REQUIRED WORK:
Restate word for word each line of the data, starting at the one containing "底部则是歌词,可以选择左侧的" and running through the last.

Stored entries:
= = =

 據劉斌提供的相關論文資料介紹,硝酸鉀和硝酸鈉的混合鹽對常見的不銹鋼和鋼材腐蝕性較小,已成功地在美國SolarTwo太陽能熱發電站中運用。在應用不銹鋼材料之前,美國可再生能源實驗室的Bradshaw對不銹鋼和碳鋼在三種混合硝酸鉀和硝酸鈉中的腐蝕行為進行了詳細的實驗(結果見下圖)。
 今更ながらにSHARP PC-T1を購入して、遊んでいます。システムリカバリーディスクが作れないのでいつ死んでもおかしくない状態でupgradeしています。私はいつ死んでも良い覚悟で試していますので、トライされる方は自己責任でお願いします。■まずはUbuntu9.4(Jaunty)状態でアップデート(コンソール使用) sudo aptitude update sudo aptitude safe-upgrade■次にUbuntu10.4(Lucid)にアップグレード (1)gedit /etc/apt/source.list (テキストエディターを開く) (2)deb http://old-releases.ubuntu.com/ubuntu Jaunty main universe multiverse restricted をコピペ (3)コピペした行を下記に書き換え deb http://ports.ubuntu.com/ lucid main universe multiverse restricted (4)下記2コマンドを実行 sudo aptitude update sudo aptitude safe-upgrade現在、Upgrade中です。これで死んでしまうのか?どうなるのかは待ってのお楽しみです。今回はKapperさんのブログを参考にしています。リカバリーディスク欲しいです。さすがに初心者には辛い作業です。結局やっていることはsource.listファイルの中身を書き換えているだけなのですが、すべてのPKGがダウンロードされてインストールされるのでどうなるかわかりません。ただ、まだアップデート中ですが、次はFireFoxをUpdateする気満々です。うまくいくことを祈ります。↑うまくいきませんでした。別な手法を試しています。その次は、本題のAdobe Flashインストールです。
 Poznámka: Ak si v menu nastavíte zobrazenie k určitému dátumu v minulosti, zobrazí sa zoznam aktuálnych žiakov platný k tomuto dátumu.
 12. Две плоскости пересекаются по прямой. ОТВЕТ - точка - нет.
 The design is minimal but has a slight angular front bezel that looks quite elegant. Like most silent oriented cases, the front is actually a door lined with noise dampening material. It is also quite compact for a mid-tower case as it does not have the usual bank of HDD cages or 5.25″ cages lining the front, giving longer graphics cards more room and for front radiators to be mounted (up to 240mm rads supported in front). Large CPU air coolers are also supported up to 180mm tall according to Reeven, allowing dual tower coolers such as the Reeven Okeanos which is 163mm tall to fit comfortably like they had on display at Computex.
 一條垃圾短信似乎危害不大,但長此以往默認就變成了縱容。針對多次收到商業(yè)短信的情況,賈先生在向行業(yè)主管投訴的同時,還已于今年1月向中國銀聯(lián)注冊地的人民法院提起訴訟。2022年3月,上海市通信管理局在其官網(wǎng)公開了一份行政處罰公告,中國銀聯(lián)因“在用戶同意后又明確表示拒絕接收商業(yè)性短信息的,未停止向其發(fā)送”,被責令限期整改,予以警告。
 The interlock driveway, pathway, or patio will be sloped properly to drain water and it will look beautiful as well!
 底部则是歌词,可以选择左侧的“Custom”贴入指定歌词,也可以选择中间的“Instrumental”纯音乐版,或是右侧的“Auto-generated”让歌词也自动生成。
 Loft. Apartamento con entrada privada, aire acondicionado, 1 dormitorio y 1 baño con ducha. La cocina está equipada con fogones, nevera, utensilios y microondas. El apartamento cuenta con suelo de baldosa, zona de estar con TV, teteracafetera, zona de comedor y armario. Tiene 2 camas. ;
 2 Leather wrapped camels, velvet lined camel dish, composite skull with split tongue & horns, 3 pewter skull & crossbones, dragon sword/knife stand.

= = =

RESULT OF THE TASK:
 底部则是歌词,可以选择左侧的“Custom”贴入指定歌词,也可以选择中间的“Instrumental”纯音乐版,或是右侧的“Auto-generated”让歌词也自动生成。
 Loft. Apartamento con entrada privada, aire acondicionado, 1 dormitorio y 1 baño con ducha. La cocina está equipada con fogones, nevera, utensilios y microondas. El apartamento cuenta con suelo de baldosa, zona de estar con TV, teteracafetera, zona de comedor y armario. Tiene 2 camas. ;
 2 Leather wrapped camels, velvet lined camel dish, composite skull with split tongue & horns, 3 pewter skull & crossbones, dragon sword/knife stand.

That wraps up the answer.